It is also suitable for the neural network model: given some training data and a network architecture, many group weight values (i.e. many models) can interpret these data. Simple models are more difficult to over-fit than complex models.
The simple model here refers to a model with smaller entropy of parameter value distribution (or a model with fewer parameters), so according to this principle of knowledge, the common method of reducing over-fitting is to force the weight of the model to be smaller. This method is called weight regularization.
Realization of Weight Regularization
Adding costs associated with larger weights to the network loss function:
- L1 regularization: The added cost is proportional to the absolute value of the weight coefficient.
- L2 regularization: The added cost is proportional to the square of the weight coefficient (L2 norm of weight).
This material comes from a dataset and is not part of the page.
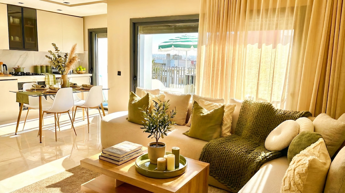 Bienvenido a este hermoso departamento ubicado en la Nueva Medina de Casablanca, cerca de Habous. Disfruta de un espacio refinado y cuidadosamente diseñado con una terraza luminosa, una decoración elegante y comodidades modernas, ideal para una estadía cómoda. Una cocina totalmente equipada y un estacionamiento seguro garantizan comodidad y tranquilidad. Un refugio tranquilo y contemporáneo donde cada detalle ha sido cuidadosamente considerado para que tu estancia sea inolvidable.
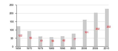 | Год | 1959 | 1970 | 1979 | 1989 | 1996 | 2003 | 2008 | 2009 | 2010 | 2011 |

L2 regularization of neural networks is also called weight decay.
In Keras, the method of adding weight regularization is to pass an example of weight regularization item to the layer. coding is as follows:
##Weight regularization from keras import models from keras import layers from keras import regularizers model3 = models.Sequential() # Each coefficient of the weight matrix increases the total network loss by 0.001 * weight_coefficient_value. model3.add(layers.Dense(16, kernel_regularizer = regularizers.l2(0.001), activation='relu',input_shape=(10000,))) model3.add(layers.Dense(16, kernel_regularizer = regularizers.l2(0.001), activation='relu')) model3.add(layers.Dense(1,activation='sigmoid')) # Standard optimizer model3.compile(optimizer='rmsprop', loss = 'binary_crossentropy', metrics = ['accuracy']) # Monitoring accuracy in training process
history3 = model3.fit(partial_x_train, partial_y_train, epochs=20, batch_size=512, validation_data=(x_val,y_val)) history_dict3 = history3.history
# Drawing training loss congratulations to verify loss import matplotlib.pyplot as plt history_dict = history.history loss_values_normal = history_dict['val_loss'] loss_values_regularized = history_dict3['val_loss'] epochs = range(1,len(loss_values)+1) plt.plot(epochs,loss_values_normal,'b+',label='normal loss') plt.plot(epochs,loss_values_regularized,'bo',label='regularized loss') plt.xlabel('Epochs') plt.ylabel('Loss') plt.legend() plt.show()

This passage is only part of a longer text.